Sedlar was the Croatian Government's "official propagandist" during the Yugoslav Wars of the 1990s, according to the historian Vjekoslav Perica. Sedlar became known for films such as Gospa and Četverored, which portray the events of World War II and the Cold War from a Croatian nationalist perspective. He also made a number of documentaries glorifying wartime President Franjo Tuđman and his party, the right-wing Croatian Democratic Union (HDZ). In an apparent bid to increase their credibility abroad, several were filmed in the English language, with actor Martin Sheen narrating. In 1996, Tuđman persuaded him to accept the post of the first cultural attaché in the United States (New York), where he remained until 2000. During that time, he launched various projects and organized numerous events to promote Croatian culture. Joe Tripician, who was hired to write the official biography of Tuđman and co-directed the documentary Tudjman with Sedlar (though Tripician claims he barely worked on the film and was shocked when he saw his name on it), describes Sedlar as the "Leni Riefenstahl of Croatia — but without the talent."
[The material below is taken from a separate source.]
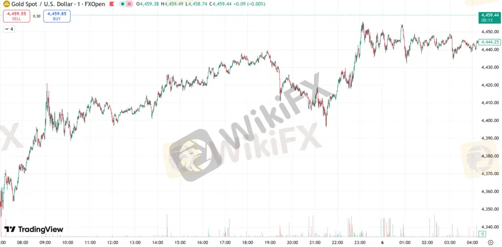 现货黄金上涨 2.7%,报每盎司 4444.52 美元,创下自去年 12 月 29 日以来的最高水平。2 月交割的美国黄金期货上涨 2.8%,结算价报每盎司 4451.5 美元。此前,黄金曾在 2025 年 12 月 26 日创下每盎司 4549.71 美元的历史纪录。
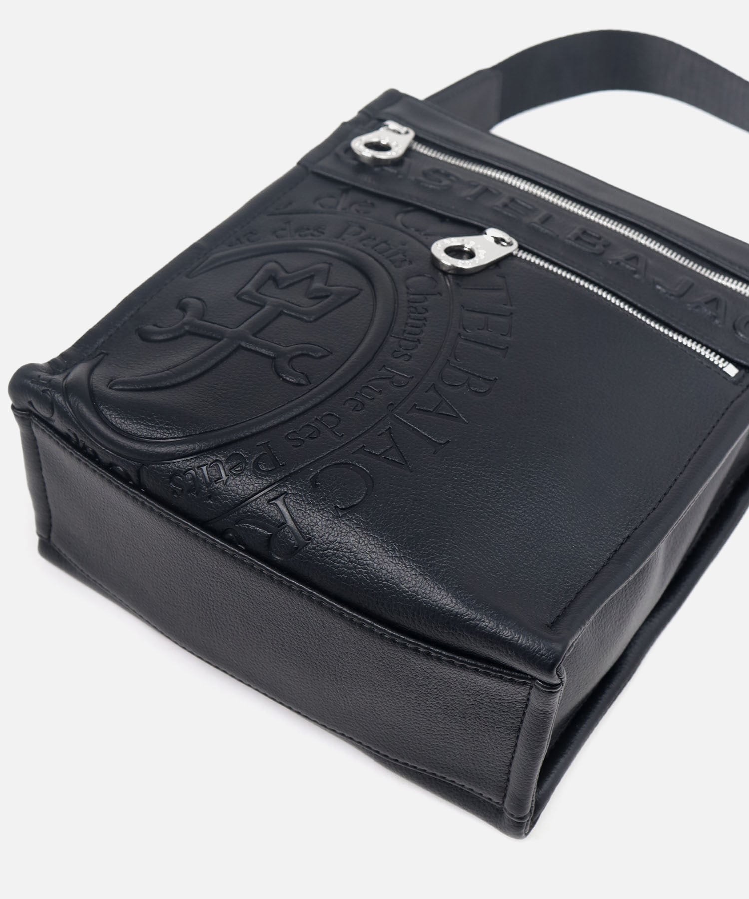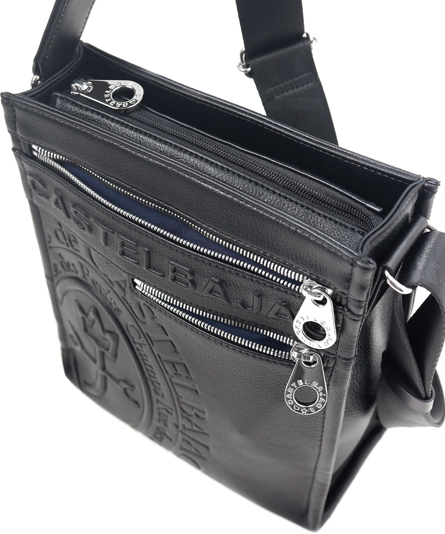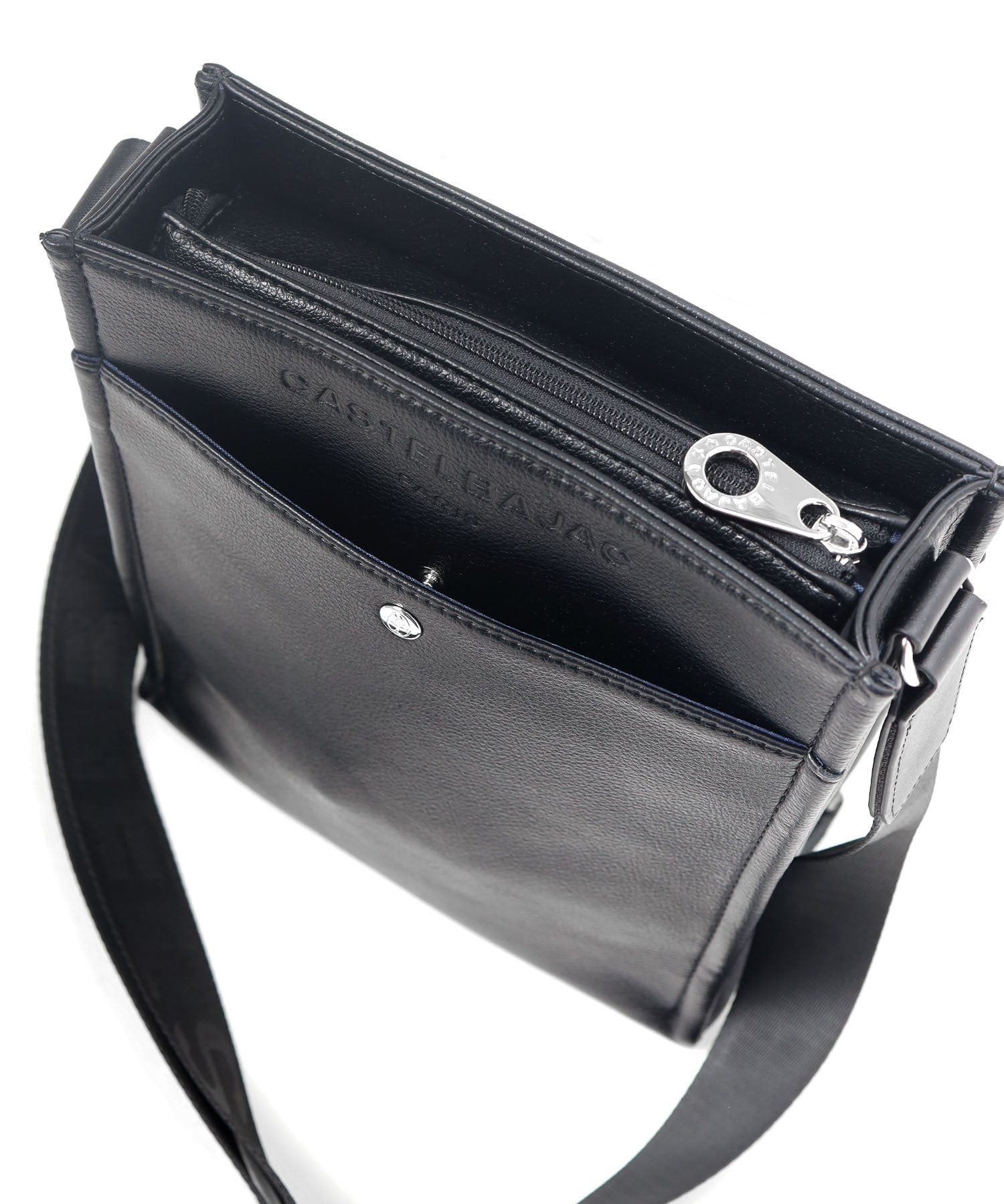 まるで革のような質感の合成皮革に、大きなロゴを浮き立たせブランド感を漂わせた、カステルバジャックのショルダーバッグ。シンプルなデザインながらも、大胆で存在感のあるロゴが際立ち、スタイリッシュな雰囲気を醸し出しています。洗練されたデザインと実用性を兼ね備え、普段使いに最適です。

After his return from the United States in 2000, the newly elected coalition government demoted Sedlar.

==Controversies==

Sedlar was criticized for nationalism and politicization in his films. On 4 April 2016, his documentary Jasenovac – The Truth premiered. The documentary is about the alleged crimes committed by the communist authorities of the FPR Yugoslavia in the Jasenovac concentration camp between 1945 and 1951 following the World War II, which, as claimed in the documentary, were covered up. The film also downplays and denies the extent of the Holocaust in the Independent State of Croatia, as well as the World War II-era genocide of Serbs, contending that the number of victims were exaggerated through post-war Yugoslavian communist propaganda. At the end of the documentary, Sedlar leaves the alleged communist crimes, moves to the modern era and mentions various leftists who allegedly "cover up communist crimes" (naming Presidents Stjepan Mesić and Ivo Josipović, and Serb MP Milorad Pupovac) as well as various journalists who allegedly help them (Miljenko Jergović, Jurica Pavičić, Ante Tomić, Davor Butković and others), which was considered tendentious and irrelevant to the theme of the documentary, as well as a way of labeling people he considered inadequate. Slavko Goldstein said that the documentary was "full of half-truths, lies and forgeries", and that the end in which some public figures are named was a "direct arrest warrant and indictment against individuals."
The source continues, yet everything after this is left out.